A 2% allotment would risk exacerbating the NHS’s deepening staffing crisis, it added. “The result would be that NHS workers would face a further cut in real income. At a time of rising vacancies, it would mean NHS wages would lag further behind other sectors, with risks to recruitment and retention.”

In his letter to Philippa Hird, chairwoman of the NHS pay review body, Barclay reminded her that “the NHS budget has already been set up to 2024 or 2025.”

He said: “Wage allocations must strike a careful balance: recognizing the vital importance of public sector workers while providing value for the taxpayer, considering private sector wage levels, not further increasing the country’s debt, and being careful not to drive prices even higher in the future.”

And in advice backing the likely 2% offer, the health secretary added: “In the current economic context, it is particularly important that you also take the government’s inflation target into account when making recommendations.”

NHS England cannot easily raise 2%. It is under pressure to use its budget to cope with the heavy backlog of 7.2 million people waiting for hospital care and the intense strain the entire service is under. That, coupled with the fact that “NHS spending is projected to rise to a record low next year”, means it has “little or no scope to fund additional wage costs”. [beyond the 2%]with the government holding a potential contingency for a further 1% increase,” Charlesworth said.

A GMB union official said: “The Department [of Health and Social Care] He has already sent his mandate to the salary review body for next year and budgeted for a 2.1% salary increase. This is about a third of the inflation forecast in 2023. The fundamental problem in the dispute is that the NHS wage agreements have consistently been too low.

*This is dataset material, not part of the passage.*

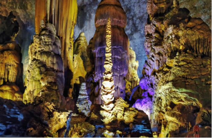 织金洞景区是贵州目前唯一一家世界地质公园,具有“大”、“奇”、“全”的溶洞特色和极高的审美价值。景区洞体分为四层,总面积70余万平方米,13个大厅47个小厅堂,是目前世界上洞穴大厅分布密度最大、钟乳石分布密度最高、类型最丰富、珍稀形态最多的洞穴。
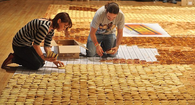 Εκτός από τις τηγανίτες χρειάστηκαν 100 βαζάκια μαρμελάδας, ενώ εργάστηκαν για τη δημιουργία του… λαχταριστού μωσαϊκού περίπου 12 άνθρωποι!

However, Rishi Sunak and Jeremy Hunt, the chancellor, have ruled out raising this year’s £1,400 offer because they want to show restraint on public sector wages to help the Conservatives regain a reputation for economic competition.

Hunt has ruled out a one-time bonus pay for nurses to try to end the government’s increasingly bitter standoff with the RCN, even though such a move is popular with voters.

The Department of Health and Social Care said it had not yet decided what pay increase for NHS staff for 2023-24 it could afford. “NHS staff are greatly valued and appreciated by the government and we have committed to giving NHS workers a pay increase, asking independent wage review bodies for recommendations on staff pay in scope,” a spokesperson for the NHS said. DHSC.

“This follows the acceptance of last year’s recommendations in full, in which the lowest earners in the NHS received a 9.3% pay increase.

“We will carefully consider reports from independent wage review bodies when we receive them. The government has not yet established the position on affordability for 2023/24.”